# Proyecto USB



## konig (Jun 16, 2007)

Antes todo tenga un buen dia, veran el motivo por el cual escribo es el siguiente : 
Quisiera hacer un proyecto (el q sea )( un teclado, un mouse, un mando tipo jostick, un termometro.. como dije cualquiera) es claro q mientras mas dificil mas se aprende   , a lo q voy es q si alguien tiene algun manual para poder configurar y manejar el USB ...  y en caso de querer hacer un pequeño software para el proyecto.. con cual seria el mas recomendable... saludos y gracias.......


----------



## fitocondria (Jun 18, 2007)

checa el libro de linux device drivers para dispositivos usb, es gratuito lo puedes bajar de internet. Yo por el momento un poco ocupado con la tesis pero si me interesa mucho manejar el usb, ya que están desapareciendo los demás puertos.

Te pasaría el libro en pdf pero no lo tengo en esta computadora, pero buscalo en la pagina de o'reilly.


----------



## tiopepe123 (Jun 18, 2007)

Caramba , me parece que quieres empezar la casa por el tejado, no es tan sencillo como parece, si no  busca un poco de información

http://www.fujitsu.com/downloads/EU/es/soporte/discosduros/UnpaseoporUSB-1.pdf

es para el usb1, pero ni caso, el 2 es una simple ampliación, ni tan solo se deberia llamar 2 sino 1.5.
En la misma direcccion hay el pdf para el dos, pero te recomiendo el 1 que es el completo.

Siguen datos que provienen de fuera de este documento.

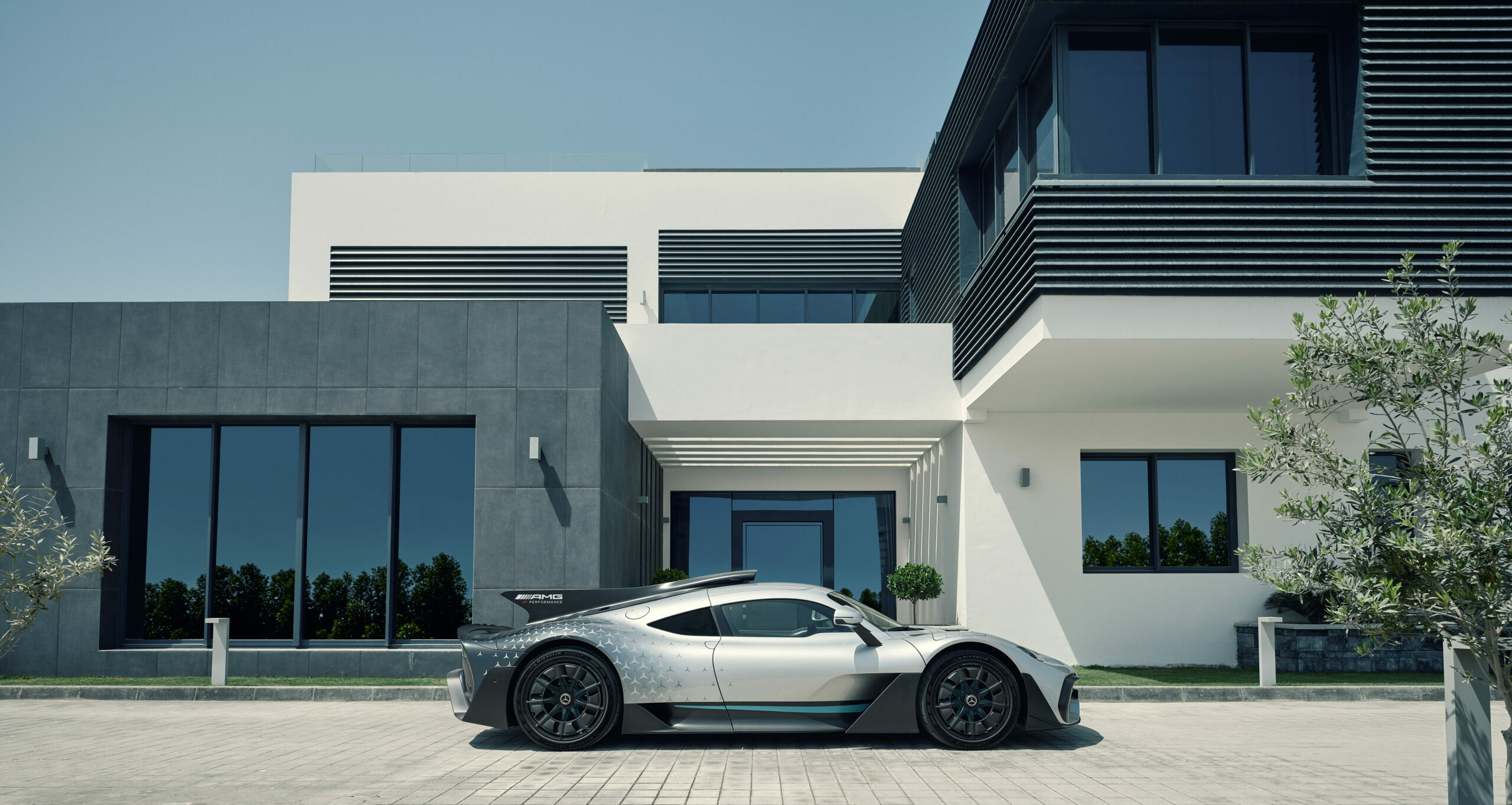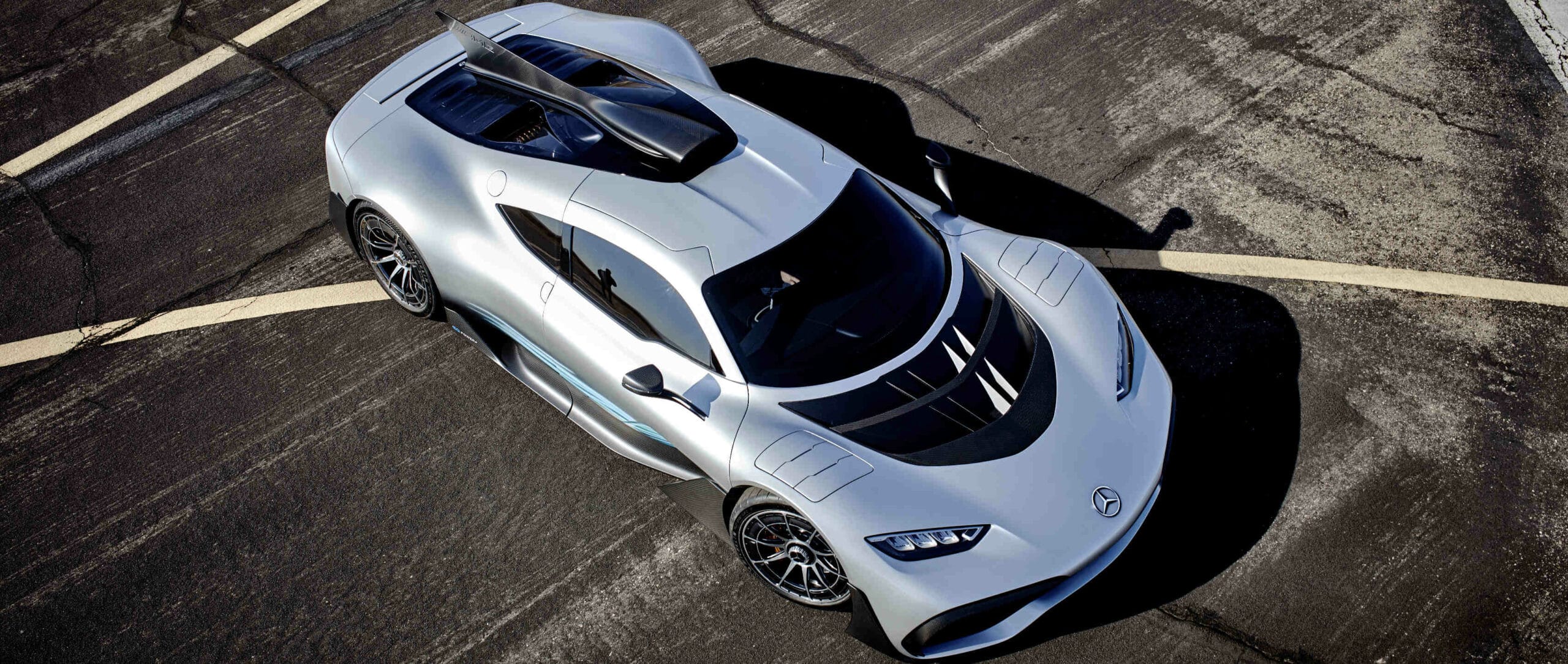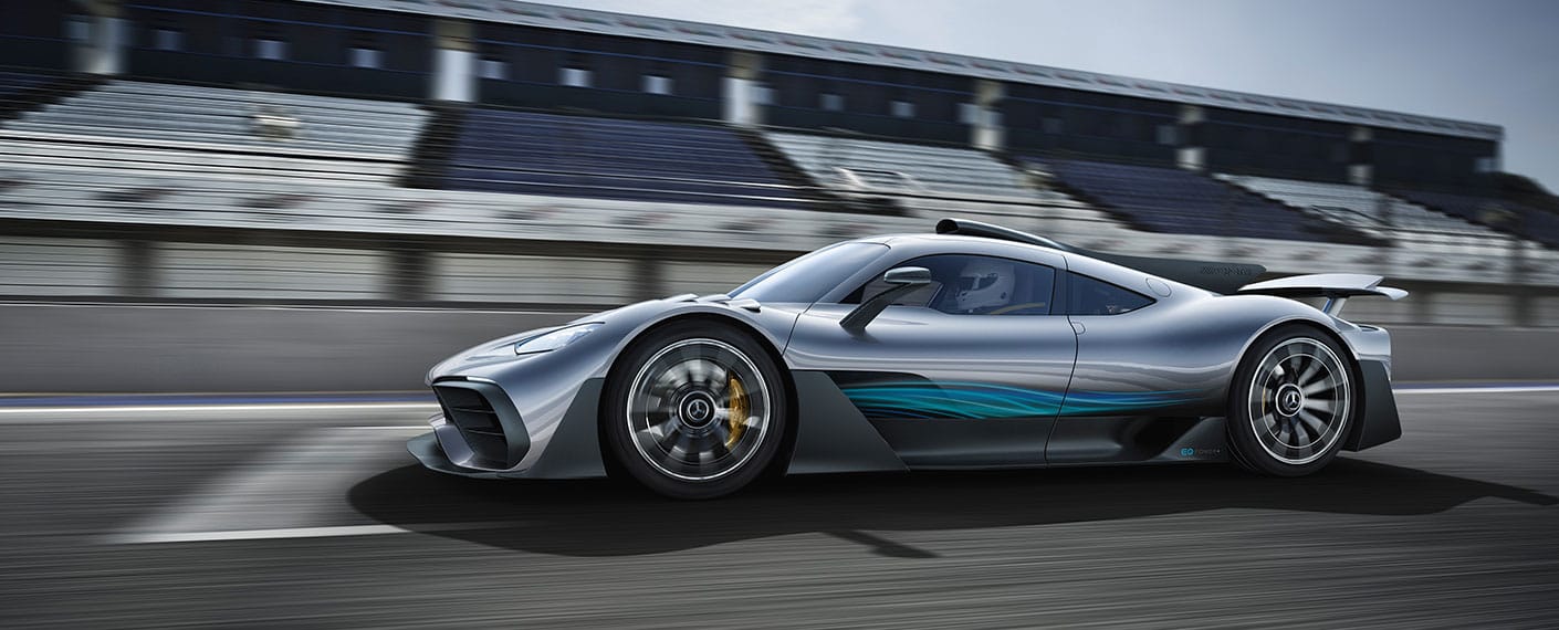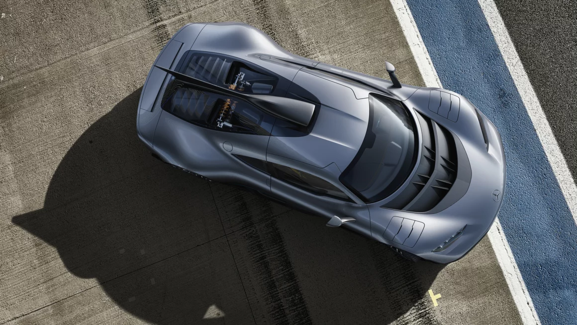 Le moteur V6 essence hybride de 1.600cc avec injection directe et suralimentation par turbocompresseur unique à assistance électrique est directement issu de la Formule 1 Mercedes-AMG Petronas. Pour atteindre un couple élevé, les ressorts de soupapes mécaniques ont été remplacés par des modèles pneumatiques ! Le moteur implanté en position centrale devant l’essieu arrière tourne ainsi à 11.000 tr/min, un régime inédit pour un véhicule routier ne disposant pas de l’assistance “course” et de stands tous les 4 Kms (longueur d’un circuit) pour réparations en ce compris visualisation incessante par satellite, mais qui reste délibérément en-deçà du niveau de F1 pour une longévité accrue et l’utilisation de sans plomb 98 au lieu du carburant de course (gag !) ?…
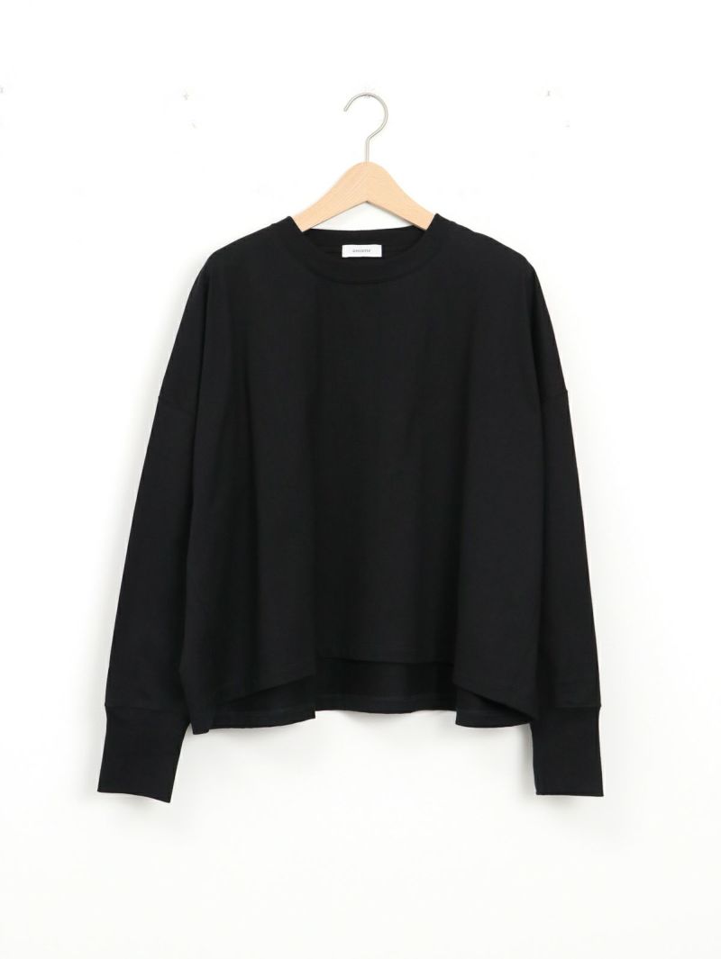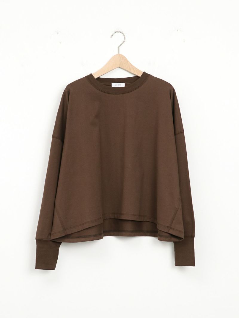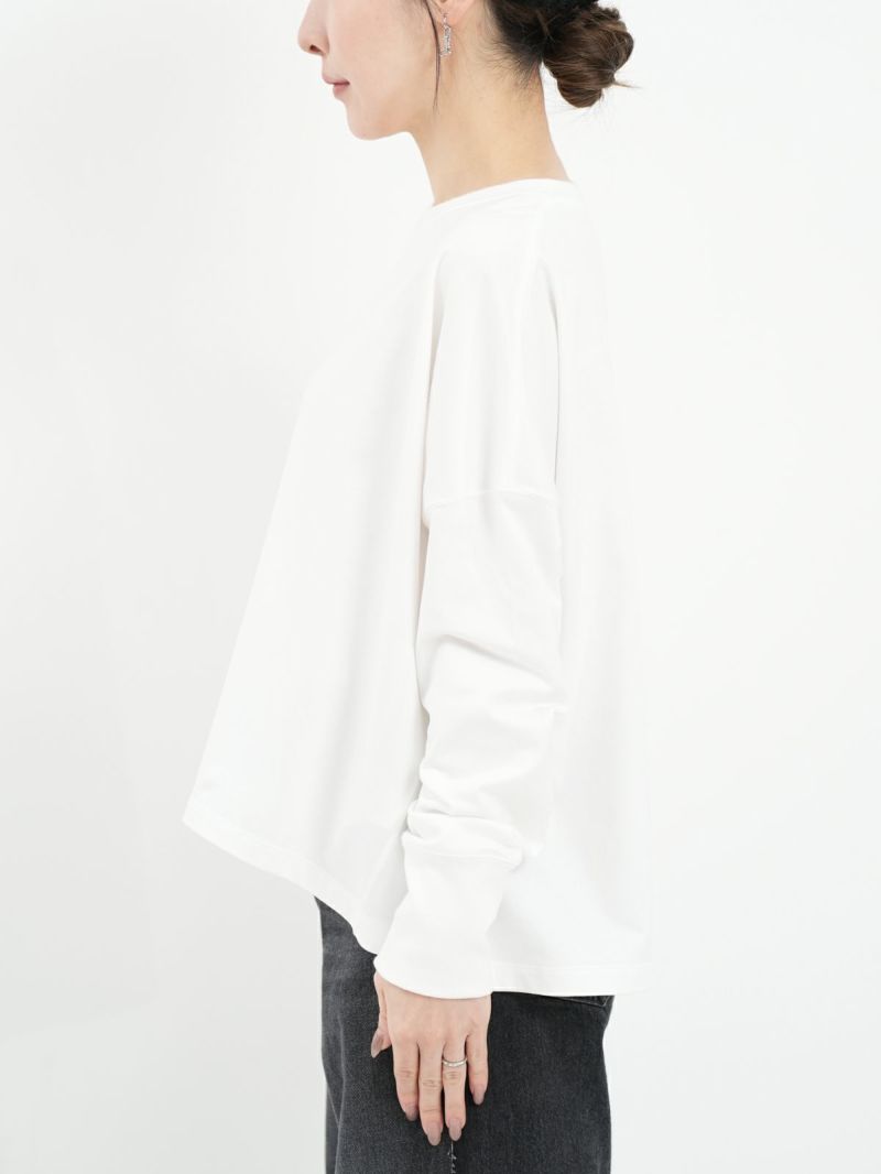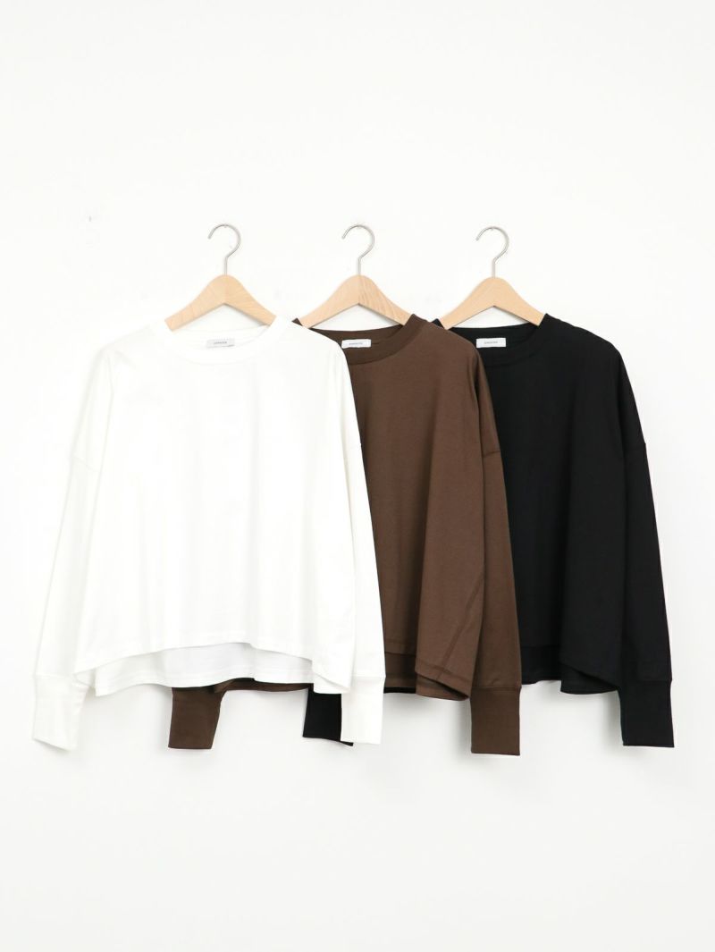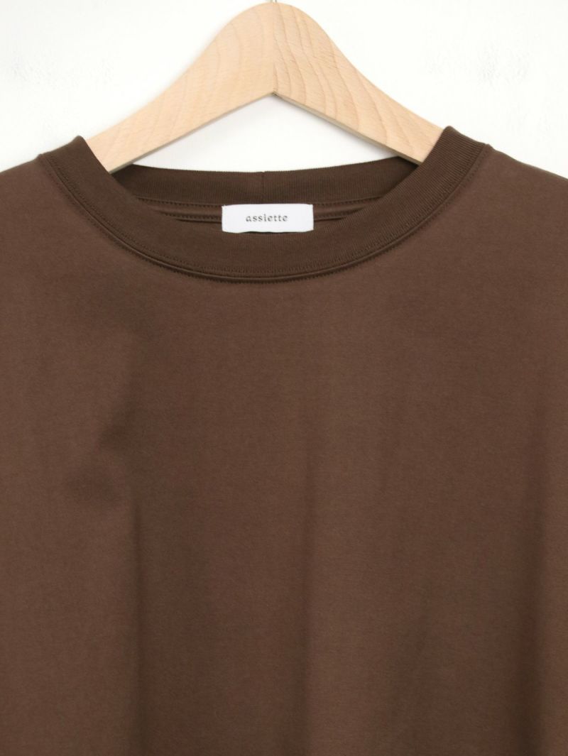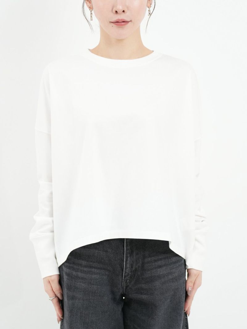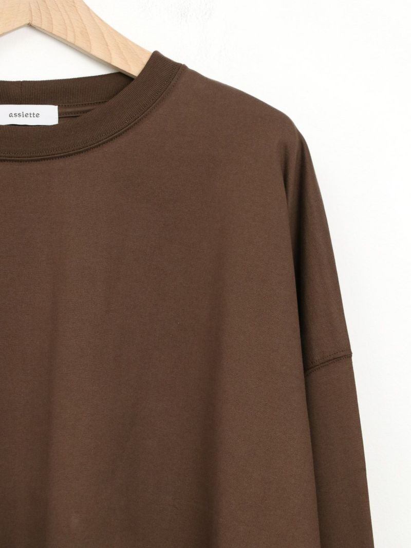 assietteのコットン100%の天竺素材のカットソー。 上品な光沢、柔らかな肌触りで着心地抜群です。ドロップショルダー、袖の少し長めのリブ、前後の長さが違うところもポイント!程よい丈感でボトムスを選ばず着回しが効く1枚です。

Finalmente pasate por usb.org donde encontraras el manual completo de la normativa y empieza a alucinar... comple jo es decir poco.


----------



## Beiker (Jun 26, 2007)

hola 
 nose si sabes pero hay un copilador para pic llamado pic c version 4.0 el cual  te va a permitir usar el usb mas facilmente para esto leete  un tutorial sobre este copilador y ayudandote con el data  del pic que quieras utilizar.
 te recomiendo que utilizes visual basic como lenguaje de interfase no te la paso porque no la tengo en este computador  
 pero  cuando pueda te la mando pero ve adelantando 
 alguna cosa me avisas


----------